Biomaterials
Biomaterials is the broad research area in our lab and efforts lie at the interface of tissue engineering, microfluidics and stem cell bioengineering. This includes synthesis and characterization of new biomaterials, use of photocrosslinkable biomaterials for patterning the surfaces, understanding cell-biomaterials interaction using high throughput screening and development of micro-/nanoparticles for controlled release. Currently, we have synthesized sugar-based photocrosslinkable synthetic and natural polymers for tissue engineering application. These polymers are being characterized for their mechanical properties, cytotoxicity and ability to pattern them into various shapes and sizes. Natural and synthetic materials used in the lab include alginate, hyaluronic acid, collagen, polycaprolactone, polyglycerol sebacate for scaffold-based tissue engineering.
Another area of interest in the lab is generation of chemical and material gradients in the hydrogels. For instance, cells require various biochemical signals interspersed inside the substrate spatially and temporally for attachment, growth and proliferation. It is laborious to screen various chemicals in a different concentration ranges individually. However, formation of chemical and materials gradients is valuable to investigate the cell-material interaction in a simple and high throughput manner and can be used in designing gradients of biomimetic materials for tissue engineering applications. To demonstrate potential applications of this approach, gradient of cell adhesion ligands (RGD) was generated in PEG-based hydrogels. The cells attached along the hydrogel materials in a manner consistent with the RGD gradient as shown in the figure.

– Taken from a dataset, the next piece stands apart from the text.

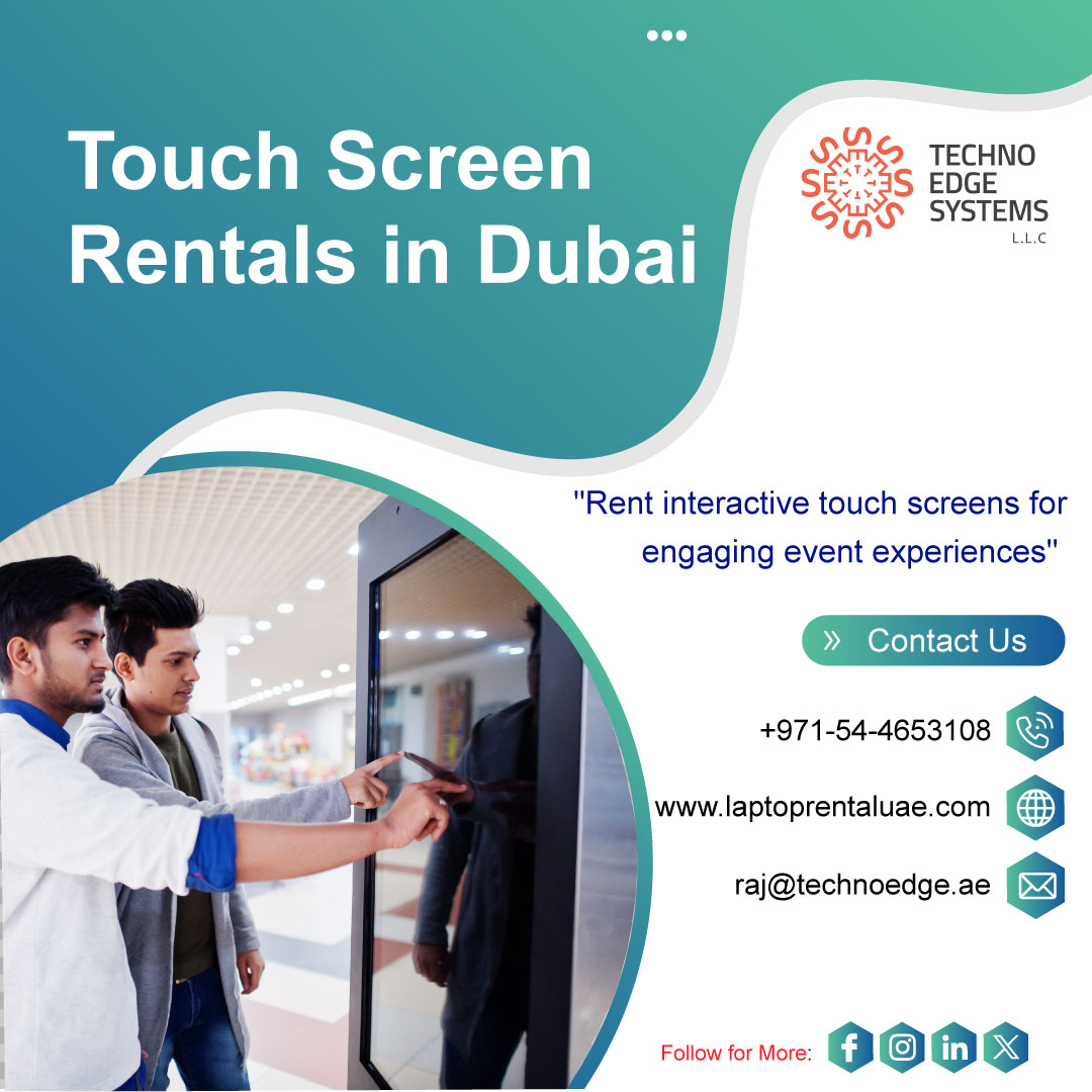 Techno Edge Systems offers the latest interactive displays to make your events, presentations, and exhibitions more engaging. Our touch screens are perfect for conferences, trade shows, and corporate meetings. Enjoy flexible rental plans, and competitive prices. Touch Screen Rentals in Dubai. Call us at 054-4653108 or visit us - https://www.laptoprentaluae.com/touch-screen-rental-dubai/

Researchers are also involved in developing 3D high throughput platform for ECM-cell interaction as well as drug screening. This approach is based on using microfabricated PEG microwells for cell-seeding. These microwells can be further used for screening effect of drugs in 2D or 3D cell culture as depicted.
We are also using microarray technologies to investigate in a high throughput manner the effects of ECM components and combinations of those components on 2D cultures.
Our lab is also focused on directed self-assembly of PEG-hydrogels for tissue engineering applications. This bottom-up approach is based on using either hydrophobic-hydrophillic forces to direct self-assembly of hydrogel microunits or use selective surface functionalization of hydrogels that could allow tight control over the assembly of microunits.